Even though the US is one of the most developed countries in the world, its healthcare system is a role model for those countries that struggle with providing health services to their citizens.
Let’s take India as an example. It tends to become the world’s largest country by population, with 1.339 billion people needing health services at some point in their lives. Public healthcare in India is free. However, the country spends only 4.2% of the national GDP on healthcare.
Compared to other countries, this is very low. The world average is 6.65%, but the western world spends even more. For example, the US spends almost 18% of the national GDP on health development, medical equipment, and services.

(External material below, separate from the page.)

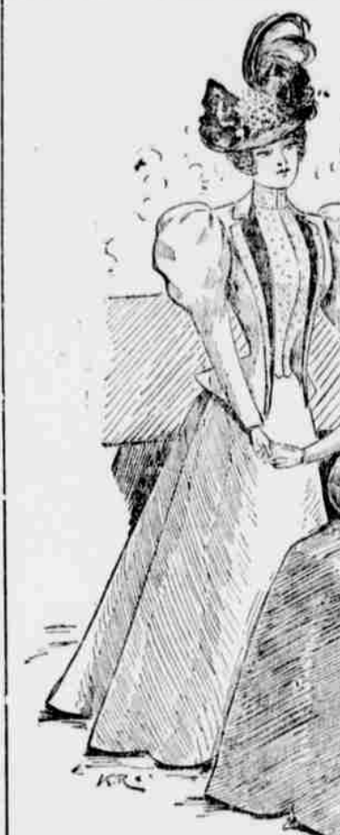
TAILOR-MADE GOWN SEEN AT THE SOROSIS MEETING.

One well-known club woman who is invariably well-gowned wore a severely plain frock made of cinnamon brown broad-cloth. The jaunty jacket was buttoned quite close and over it was worn a short catterette, fashioned of senskin and finished with a Russian sable collar and a cascade of sable tails down each side of the front.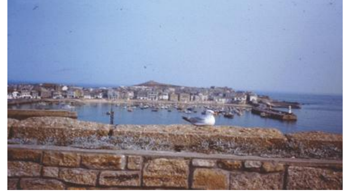
St Ives harbour. Cornwall

In our role as pastoral co-ordinators at BMC we have realised very strongly that people need people. One of the things that has been obvious during the pandemic is that what almost everyone wanted more than anything was to be able to meet with others, be they family or friends. Our social lives became seriously curtailed and lockdown prevented us from visiting each others' homes.

The two countries can’t be compared to each other because they are too different in every segment and not just healthcare. One of the most critical issues is that around 66% of India’s population is still living in rural areas. Their access to medical care is limited, and these citizens mostly rely on governmental health programs rather than going to the hospital whenever a problem occurs.
That’s not the only issue, though. Healthcare in India is free, but the majority of the population that can afford treatment in private hospitals opt for it. Around 65% of the entire spending on health services comes from out-of-pocket payments.
At the same time, the stats say that the public health sector lacks some 600,000 doctors and over two million nurses. These numbers are staggering. The majority of doctors are working in the private sector because salaries are higher.
Still, no one goes to public hospitals and uses free health services because no one trusts the quality of service delivered. Of course, except for those who have no choice—those who can’t afford to pay for private healthcare services. A lot of times, people get into debt just to get proper medical assistance.
Will Change Create Order from This Chaos?
It’s easy for countries like Canada or the UK to provide free healthcare. Their income and taxation are huge. Their industries are enormous, and they can take on the burden of providing free health services for everyone.
In India, it’s an entirely different situation. Public healthcare has not kept pace with the growing needs, and the country is still spending almost $110 billion annually. In other words, no matter if India chooses to spend more money on healthcare or not, the situation will remain the same.
The state of the healthcare industry says that the global healthcare industry was worth $8.45 trillion in 2018. India’s population makes up more than one-seventh of the world population. Yet, it receives only 1.3% of this amount of money.
Foreign and domestic companies are just waiting for the chance to get their hands on public hospitals. They are most certainly going to change their looks in no time and will do everything they can to attract customers.
The government can also profit from the sales. Government officials can use that money to provide health insurance to those who can’t afford one. That’s the ultimate solution.
It’s no secret that the government is willing to welcome foreign investments. That’s a great step toward the liberation of the market. The changes made over the last few years have already shown a certain improvement. According to estimates, the industry will employ an additional 7.4 million people by 2022. If such a small change contributes to this vast improvement, imagine what the full liberation of the market will do to the system?